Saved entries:
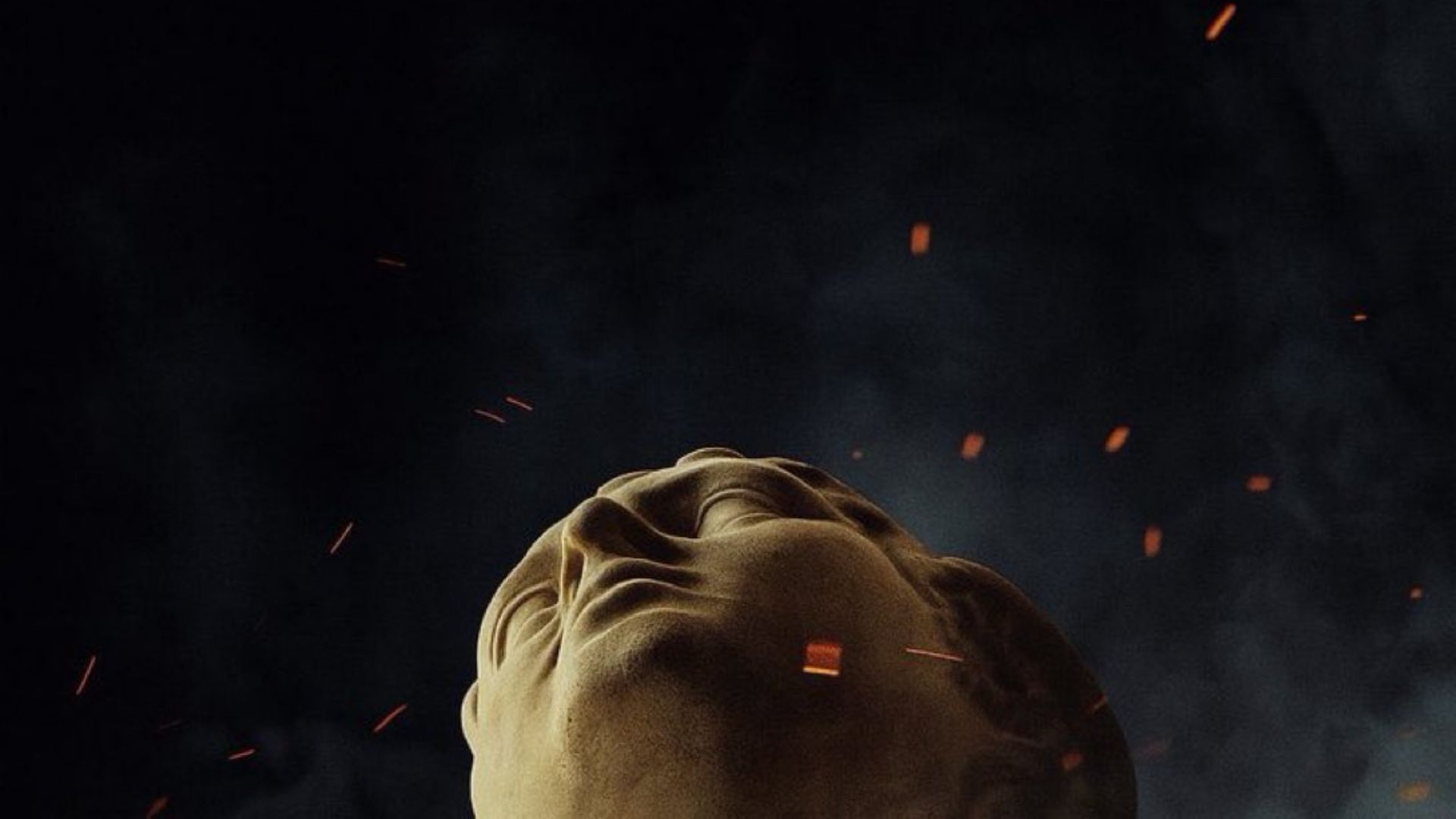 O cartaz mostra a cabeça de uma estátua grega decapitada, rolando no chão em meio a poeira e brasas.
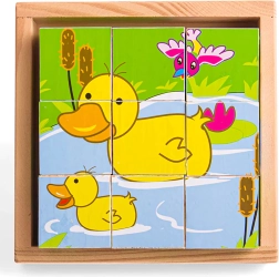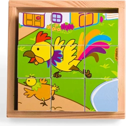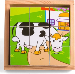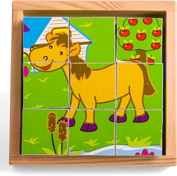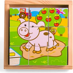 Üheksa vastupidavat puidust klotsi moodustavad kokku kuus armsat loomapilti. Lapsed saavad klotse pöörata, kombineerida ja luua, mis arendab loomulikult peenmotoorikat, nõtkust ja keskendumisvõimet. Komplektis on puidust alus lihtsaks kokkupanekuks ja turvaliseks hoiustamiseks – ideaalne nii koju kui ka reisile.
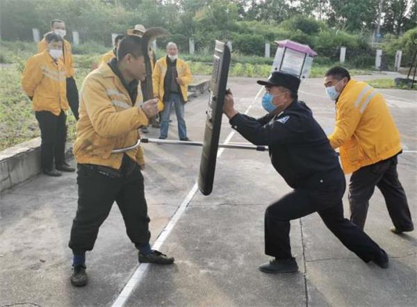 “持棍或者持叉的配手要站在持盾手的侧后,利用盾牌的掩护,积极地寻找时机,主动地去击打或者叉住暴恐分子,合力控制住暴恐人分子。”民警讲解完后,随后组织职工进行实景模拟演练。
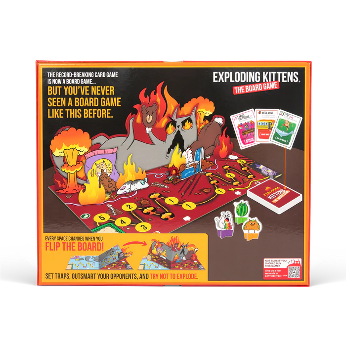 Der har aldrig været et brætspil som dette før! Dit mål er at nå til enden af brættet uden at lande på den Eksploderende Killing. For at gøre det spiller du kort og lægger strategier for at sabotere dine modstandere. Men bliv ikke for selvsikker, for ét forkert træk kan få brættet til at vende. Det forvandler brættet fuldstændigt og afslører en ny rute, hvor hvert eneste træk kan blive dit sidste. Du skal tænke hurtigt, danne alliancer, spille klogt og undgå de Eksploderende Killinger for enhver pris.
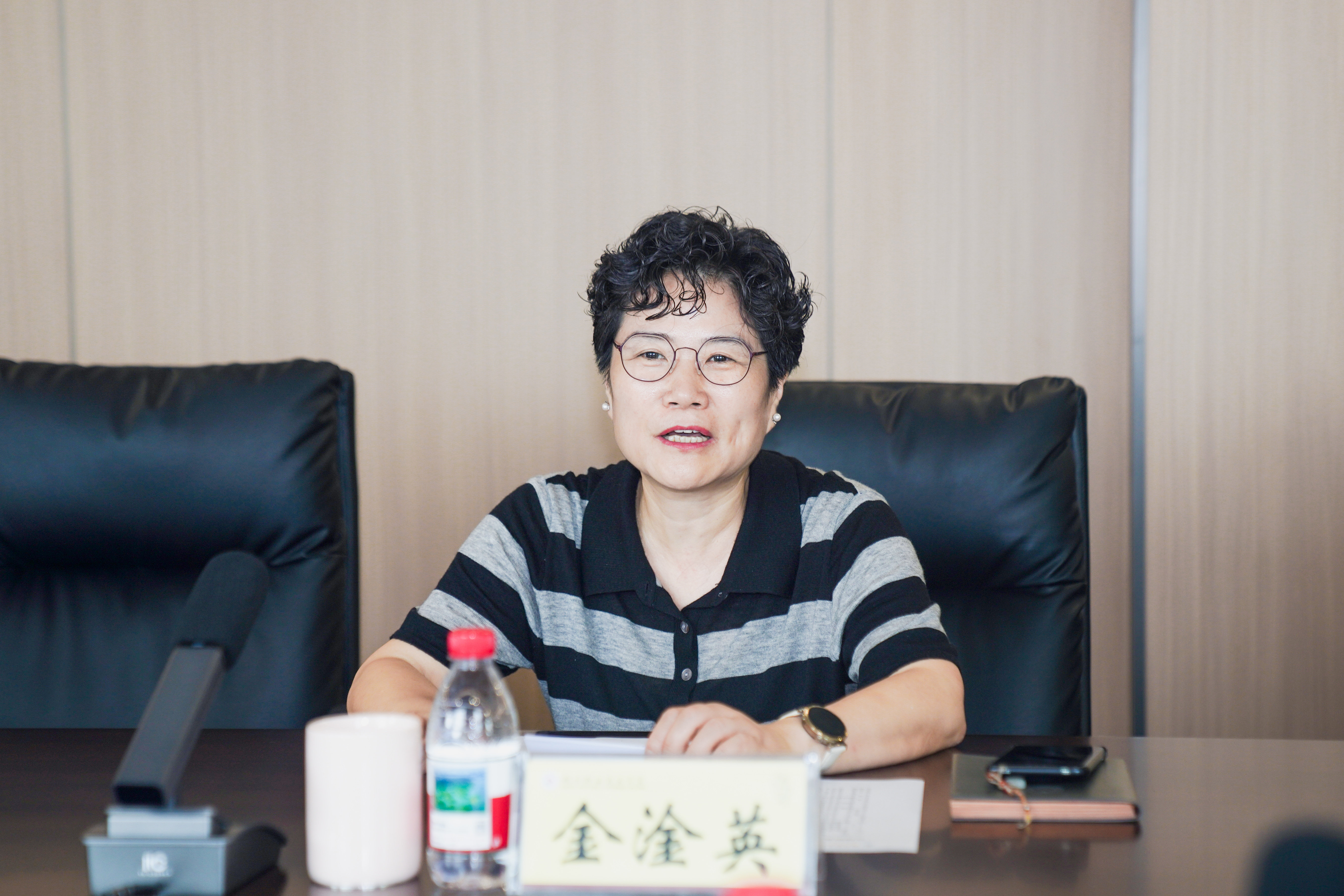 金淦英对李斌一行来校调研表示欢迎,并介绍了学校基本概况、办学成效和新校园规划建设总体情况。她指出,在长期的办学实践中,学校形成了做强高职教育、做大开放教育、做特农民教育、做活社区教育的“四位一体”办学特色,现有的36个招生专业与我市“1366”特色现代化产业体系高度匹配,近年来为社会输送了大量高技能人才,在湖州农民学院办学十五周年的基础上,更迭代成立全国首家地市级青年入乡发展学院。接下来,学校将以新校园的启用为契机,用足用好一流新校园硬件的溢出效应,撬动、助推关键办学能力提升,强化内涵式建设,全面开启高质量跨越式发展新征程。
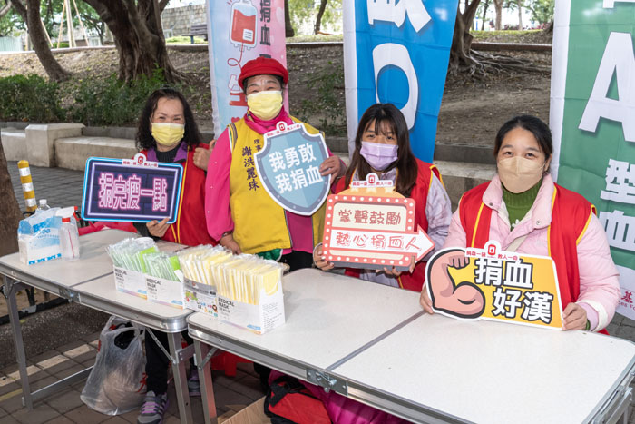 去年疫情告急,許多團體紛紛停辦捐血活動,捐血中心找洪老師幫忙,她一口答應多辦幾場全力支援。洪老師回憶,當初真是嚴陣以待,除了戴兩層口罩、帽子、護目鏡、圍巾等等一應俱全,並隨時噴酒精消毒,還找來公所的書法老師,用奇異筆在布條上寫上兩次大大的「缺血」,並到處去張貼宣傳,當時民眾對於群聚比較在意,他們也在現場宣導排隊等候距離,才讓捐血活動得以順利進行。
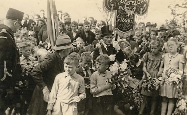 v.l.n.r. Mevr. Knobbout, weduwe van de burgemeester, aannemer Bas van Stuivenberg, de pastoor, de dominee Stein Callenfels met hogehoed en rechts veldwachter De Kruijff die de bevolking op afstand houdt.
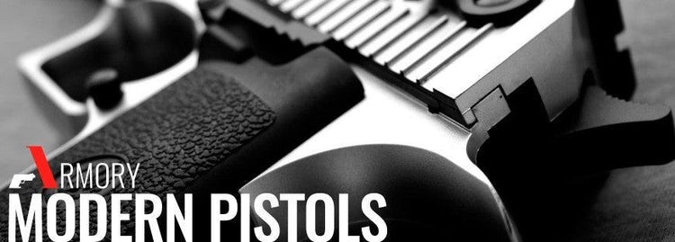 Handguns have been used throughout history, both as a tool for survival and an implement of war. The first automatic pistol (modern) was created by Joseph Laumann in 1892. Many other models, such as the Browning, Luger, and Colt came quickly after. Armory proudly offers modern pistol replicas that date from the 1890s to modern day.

Description of the task: Copy exactly the lines from the first line of the records above through the line with "v.l.n.r. Mevr. Knobbout, weduwe", both included, and nothing else. Pictures stay out.

Solution:
 O cartaz mostra a cabeça de uma estátua grega decapitada, rolando no chão em meio a poeira e brasas.
 Üheksa vastupidavat puidust klotsi moodustavad kokku kuus armsat loomapilti. Lapsed saavad klotse pöörata, kombineerida ja luua, mis arendab loomulikult peenmotoorikat, nõtkust ja keskendumisvõimet. Komplektis on puidust alus lihtsaks kokkupanekuks ja turvaliseks hoiustamiseks – ideaalne nii koju kui ka reisile.
 “持棍或者持叉的配手要站在持盾手的侧后,利用盾牌的掩护,积极地寻找时机,主动地去击打或者叉住暴恐分子,合力控制住暴恐人分子。”民警讲解完后,随后组织职工进行实景模拟演练。
 Der har aldrig været et brætspil som dette før! Dit mål er at nå til enden af brættet uden at lande på den Eksploderende Killing. For at gøre det spiller du kort og lægger strategier for at sabotere dine modstandere. Men bliv ikke for selvsikker, for ét forkert træk kan få brættet til at vende. Det forvandler brættet fuldstændigt og afslører en ny rute, hvor hvert eneste træk kan blive dit sidste. Du skal tænke hurtigt, danne alliancer, spille klogt og undgå de Eksploderende Killinger for enhver pris.
 金淦英对李斌一行来校调研表示欢迎,并介绍了学校基本概况、办学成效和新校园规划建设总体情况。她指出,在长期的办学实践中,学校形成了做强高职教育、做大开放教育、做特农民教育、做活社区教育的“四位一体”办学特色,现有的36个招生专业与我市“1366”特色现代化产业体系高度匹配,近年来为社会输送了大量高技能人才,在湖州农民学院办学十五周年的基础上,更迭代成立全国首家地市级青年入乡发展学院。接下来,学校将以新校园的启用为契机,用足用好一流新校园硬件的溢出效应,撬动、助推关键办学能力提升,强化内涵式建设,全面开启高质量跨越式发展新征程。
 去年疫情告急,許多團體紛紛停辦捐血活動,捐血中心找洪老師幫忙,她一口答應多辦幾場全力支援。洪老師回憶,當初真是嚴陣以待,除了戴兩層口罩、帽子、護目鏡、圍巾等等一應俱全,並隨時噴酒精消毒,還找來公所的書法老師,用奇異筆在布條上寫上兩次大大的「缺血」,並到處去張貼宣傳,當時民眾對於群聚比較在意,他們也在現場宣導排隊等候距離,才讓捐血活動得以順利進行。
 v.l.n.r. Mevr. Knobbout, weduwe van de burgemeester, aannemer Bas van Stuivenberg, de pastoor, de dominee Stein Callenfels met hogehoed en rechts veldwachter De Kruijff die de bevolking op afstand houdt.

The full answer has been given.